Já assistiu a alguma peça documentada em vídeo? O que acha do formato?
Sim, pude assistir a “Les Éphémères”, do Théâtre du Soleil, ao vivo e em vídeo. Acho que a peça perde bastante com a mudança do formato, você até consegue ver mais detalhes, mas o fato de respirar o mesmo ar dos atores é intransponível.

 

Existe peça ruim ou o encenador é que se equivocou?
Existe peça ruim sim e existe encenador ruim também, mas são coisas diferentes.  Um encenador bom consegue transformar em boa uma peça ruim e um encenador ruim pode transformar uma peça boa em ruim. Ainda não vi uma peça boa transformar em bom um encenador ruim.

 

Como seria, onde se passaria e com quem seria o espetáculo dos seus sonhos?
Dos sonhos? Seria um musical escrito pelo Stephen Sondheim, dirigido pelo José Henrique de Paula, com produção do Jorge Takla, coreografias de Tânia Nardini e luz de Caetano Vilela. Além de mim, no elenco, alguns amigos talentosíssimos.  

 

Cite um cenário surpreendente.
“Jekyll and Hyde – O Médico e o Monstro”, do J. C. Serroni, acho que surpreendente é a palavra.

 

Cite uma iluminação surpreendente.
A do Caetano Vilela em “Dueto para um”, que esteve em cartaz no Tucarena.

 

Cite um ator que surpreendeu suas expectativas.
Alguns: Otávio Martins em “Sideman”; Lee Taylor em “Senhora dos Afogados” ;  Germano Melo em “Travesties”; e Eduardo Leão em “Aqui do Lado”.

 

O que não é teatro?
Cinema, Internet, redes sociais são exemplos de coisas que não são teatro, mas podem virar!

 

Que texto você foi ler depois de ter assistido a sua encenação?
“A Vida é Cheia de Som e Fúria”, da Sutil Companhia de Teatro, baseado em “Alta Fidelidade”, do Nick Hornby.

 

A ideia de que tudo é válido na arte cabe no teatro?
Cabe. Se vai ter público é outra coisa.

 

Na era da tecnologia, qual é o futuro do teatro?
O futuro do teatro está no resgate do seu aspecto ritualístico.

 

O teatro é uma ação política? Por quê?
Sim, porque intervêm na vida das pessoas ou pelo menos se pretende a isso.
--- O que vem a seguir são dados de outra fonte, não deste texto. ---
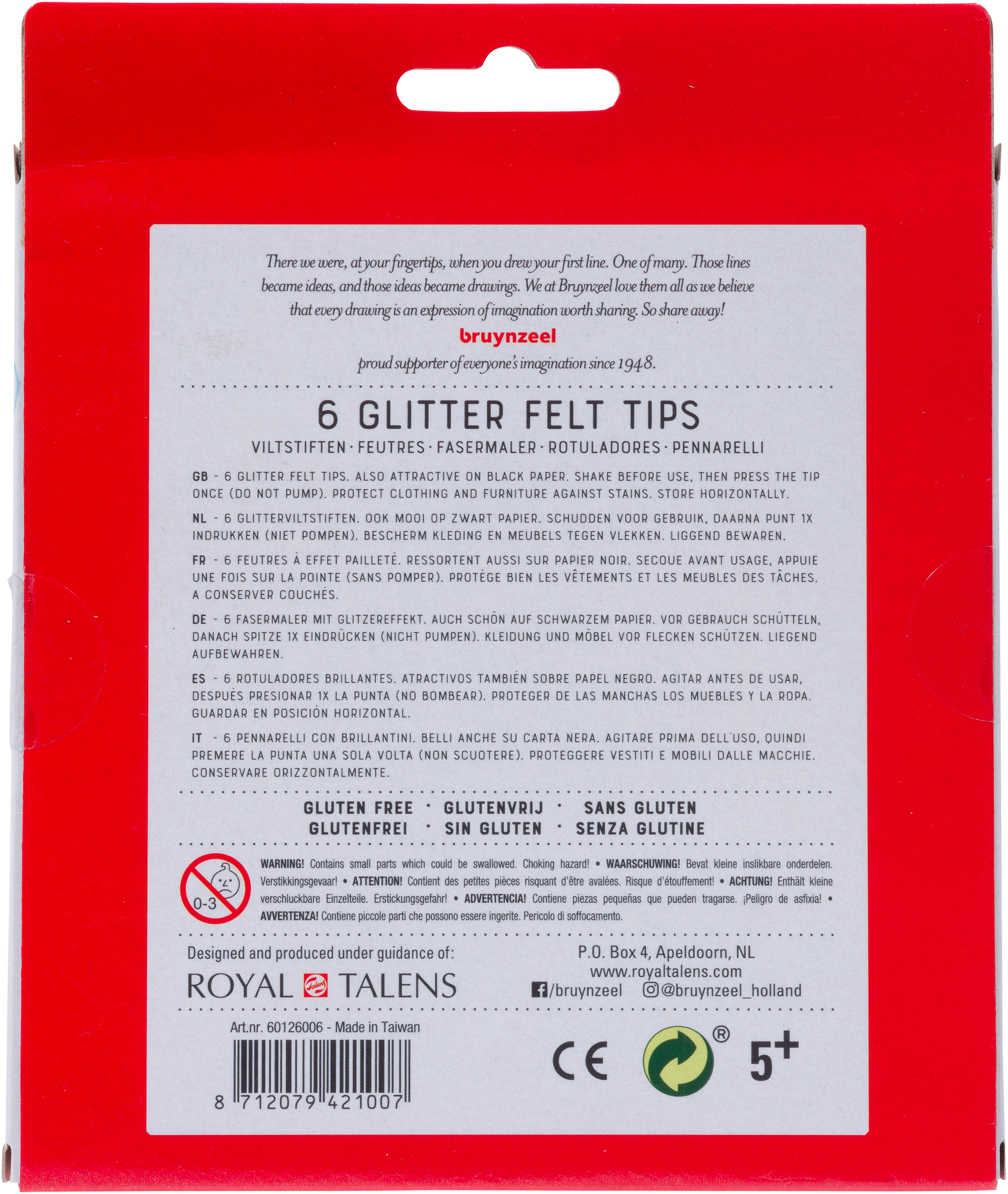 Mit diesen Fasermalern von Bruynzeel lassen sich wunderschöne Glitzereffekte kreieren! Einfach vor dem Gebrauch schütteln, die Spitze einmal auftippen und schon kann man seiner Kreativität freien Lauf lassen! Die Packung enthält 6 Stifte in brillanten Farben. Geeignet für Kinder ab 5 Jahren. Eigenschaften: gute Farbabgabe, ideal für wunderschöne Effekte auf weissem und schwarzem Papier.
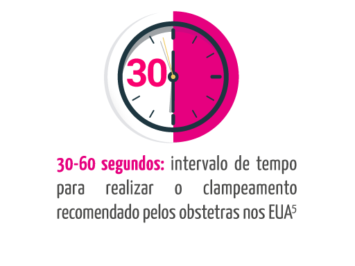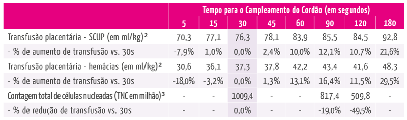 Em resumo, foi demonstrado que em partos a termo de gestantes saudáveis, o clampeamento do cordão entre 30 e 60 segundos é seguro para o bebê e permite uma coleta adequada de sangue do cordão umbilical e placentário (SCUP),¹ conforme os dados abaixo:
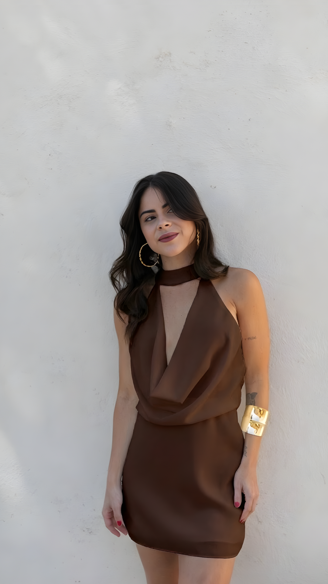 • Decote Drapeado Magnífico: O detalhe no busto confere um toque de glamour e sofisticação, valorizando o colo de forma delicada.
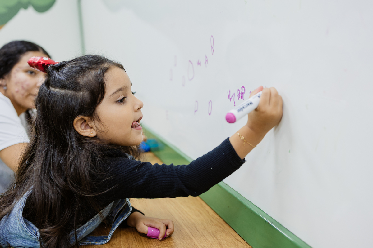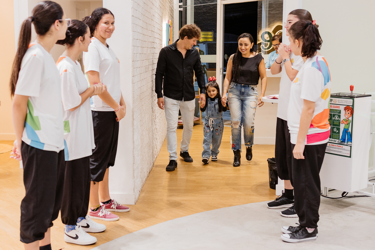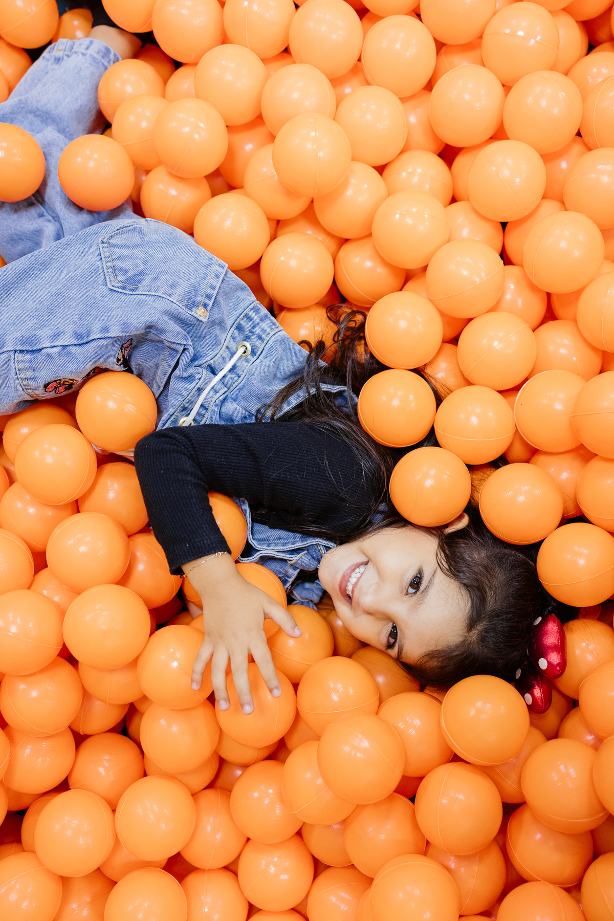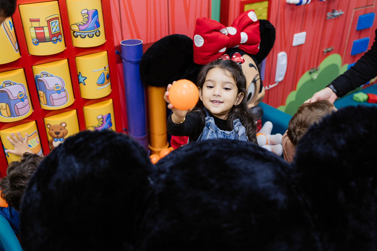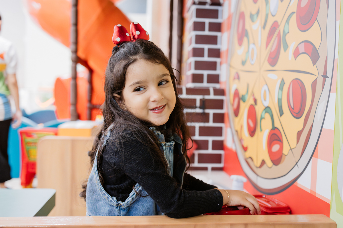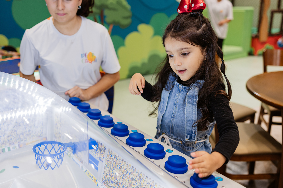 Ela explorou cada cantinho com alegria: escorregador, piscina de bolinhas, lousa para desenhar e escrever, e até slime ela fez! Foi uma noite de pura diversão, criatividade e sorrisos.
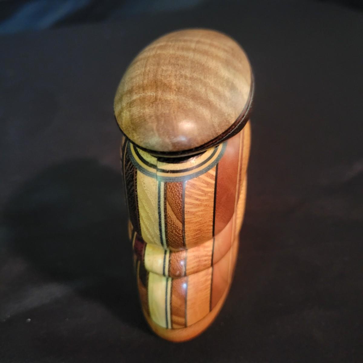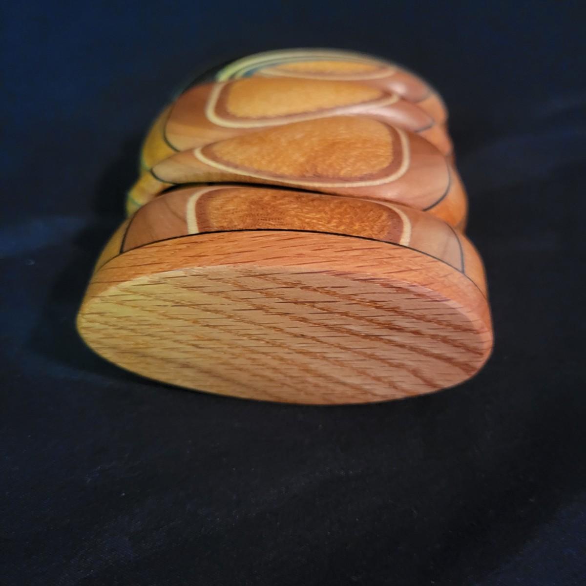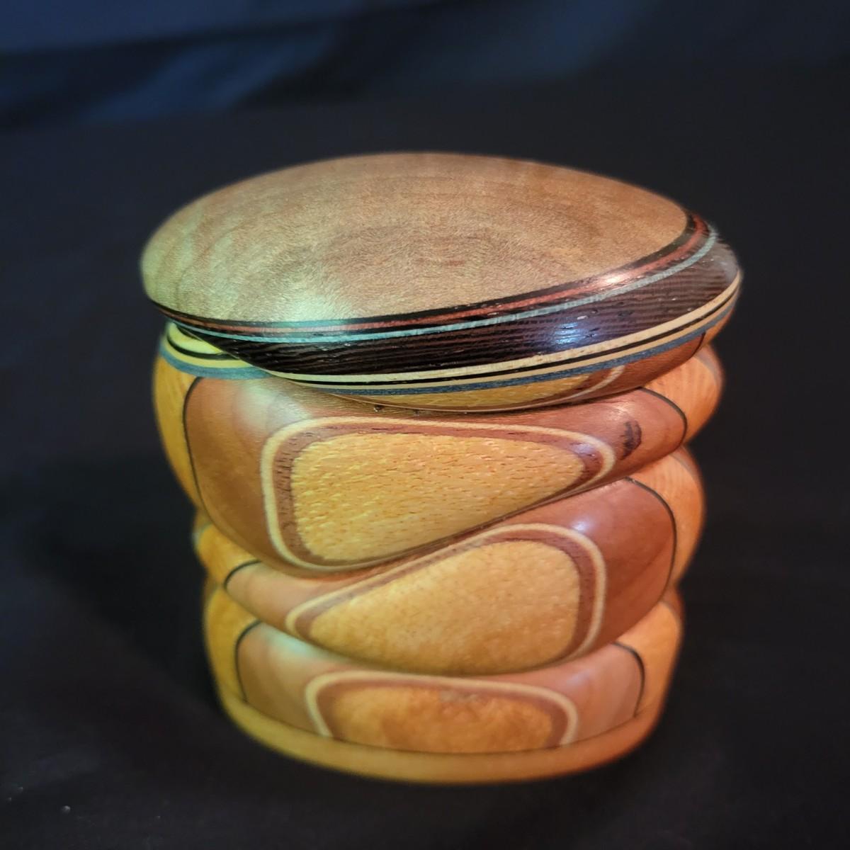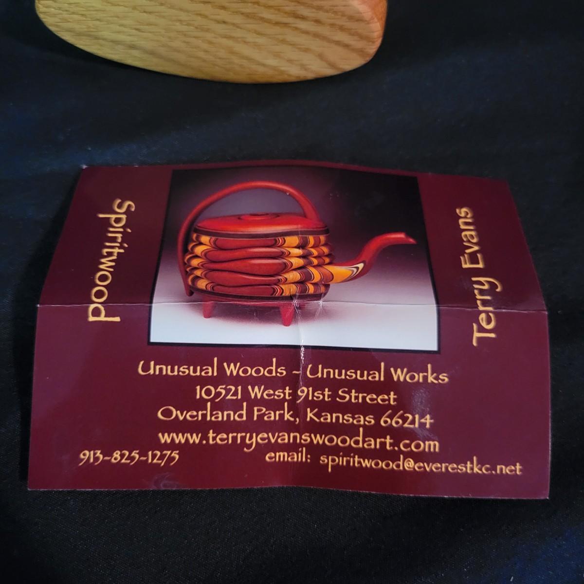 A carved wooden box by artist Terry Evans of Spiritwood studios. The included card indicates that this unique box is made of eight different types of wood. It measures approximately 3.5" x 1.5" x 4"H. Shipping available
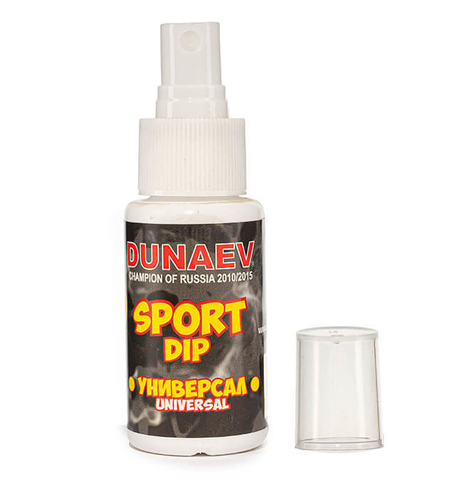 Дип Dunaev Sport Универсал – превосходный ароматизатор с особенным составом. Дип имеет устойчивый, сильно концентрированный аромат, не выветривающийся и не теряющий своей насыщенности со временем. Sport DIP Универсал показывает неизменно высокие результаты совершенно в любых условиях, удобен и прост в применении, чем заслужил свою популярность у рыболовов-спортсменов. Эта добавка используется в фидерной и карповой ловле, обладает высокопроникающей способностью в насадку (кукурузу, натуральную наживку, бойлы), фиксируясь на ней на длительный срок. Состав Sport дипа предназначен для быстрого привлечения рыбы к месту ловли. Этот дип можно применять в условиях зимней рыбалки, так как он не замерзает при температуре -30°C. Не растворяет ПВА-мешки. Продолжительность хранения никак не сказывается на его эффективности. Dunaev Sport DIP выпускается в виде спрея.

Teatro é uma experiência que pode mudar a forma de enxergar o mundo, a cidade e, consequentemente, a política.

 

Quando a estética se destaca mais do que o texto e os atores?
Quando a história que está sendo contada ou a encenação não são fortes o suficiente para envolver o espectador.

 

Qual encenação lhe vem à memória agora? Alguma cena específica?
Na montagem parisiense de “A Noviça Rebelde”, dirigida por Emilio Sagi. Durante a cena do festival nazista, atores vestidos de soldados do Terceiro Reich entravam pela plateia como sentinelas. Muitos idosos que viveram a ocupação nazista em Paris durante a Segunda Guerra estavam presentes e não escondiam o mal-estar, alguns até saíam do teatro. Foi impressionante ver uma cena tão impactante em um espetáculo aparentemente “leve”.

 

Em sua biblioteca não podem faltar quais peças de teatro?
“Otelo”, “Hamlet”, “Os Fuzis da Sra. Carrar”, “A Morte do Caixeiro Viajante”, “Um Bonde Chamado Desejo”, “Pigmaleão”, “O Balcão” e “Seis Personagens à Procura de um Autor”, entre outras.

 

Cite um diretor (a), um autor (a) e um ator/atriz que você admira.
Tem muitos, mas vou escolher alguns do meu gênero preferido, o teatro musical: Harold Prince, Stephen Sondheim, Patti Lupone.

 

Qual o papel da sua vida?
Todos os que vivi e que vou viver ainda. Mas sonho em fazer o Iago do “Otelo”.

 

Uma pergunta para William Shakespeare, Nelson Rodrigues, Bertold Brecht ou algum outro autor ou personalidade teatral que você admire.
Minha pergunta vai para o Shakespeare: o que é estar pronto? É tudo? O que é tudo?

 

O teatro está vivo?
Enquanto houver vida, haverá teatro.